Flowers deep in the fossil record are just as advanced as flowers today.

Flowers preserved in amber from Myanmar (aka Burma) are not only breathtakingly beautiful but also demonstrate that Cretaceous complexity was the norm for flowering plants. Darwin considered such fossilized floral complexity and biodiversity to be an “abominable mystery” for evolution.1

These tiny Burmese blossoms—only a millimeter (about 3 hundredths of an inch) in diameter—were frozen in time by tree sap. “Here you have a hundred-million-year-old flower that looks like it was blooming last week,”2 says George Poinar, Jr., lead author of the report published in Journal of the Botanical Research Institute of Texas.

Floral Complexity

Not only do the amber-encased fossil flowers reveal fragile details of floral reproductive anatomy, the abundant flowers display different stages of their life cycle. “Here we have 18 flowers on one sprig,” says Poinar. “That number of flowers has never been seen before in a Cretaceous [flowering plant].”3 Looking forward to further study of the plants’ maturation process, Poinar adds, “Here’s something which hasn’t been seen before, and it doesn’t fit anything we know of today.”4

Though missing their petals, the flowers are so anatomically detailed that it is apparent Cretaceous angiosperms—conventionally dated as living 100 million years ago and found in a layer of the fossil record largely dominated by non-flowering plants—are unchanged in their anatomical complexity and method of reproduction compared to what we see today.

amber-flower
pollen-tube

These tiny flowers preserved in Cretaceous amber from Myanmar reproduced just like flowers do today. Amber from Myanmar preserves many insects as well as these flowers, complete with their modern-like complexity. On the right are pollen tubes that were in the process of delivering the flower’s male gametes to fertilize the next generation when these tiny blossoms were coated in Cretaceous tree sap. Image: Oregon State University through Nature World News.
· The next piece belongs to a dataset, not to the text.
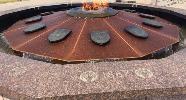Entourée des écussons des provinces et territoires canadiens, et brûlant au-dessus de l’eau de la fontaine, la Flamme du centenaire symbolise l’unité canadienne.

“The evolution of flowering plants caused an enormous change in the biodiversity of life on Earth, especially in the tropics and subtropics,” says Poinar. “New associations between these small flowering plants and various types of insects and other animal life resulted in the successful distribution and evolution of these plants through most of the world today. It’s interesting that the mechanisms for reproduction that are still with us today had already been established some 100 million years ago.”

There is no indication that the delicate-appearing Cretaceous flowers—dubbed Micropetasos burmensis—from the Hukawng Valley amber mine are primitive or in any way “less-evolved” than modern flowers. They bear similarities to several types of modern flowers, but they do not match any particular genus perfectly. Therefore, the researchers are not speculating about how these flowers are related to any particular sort of modern flower.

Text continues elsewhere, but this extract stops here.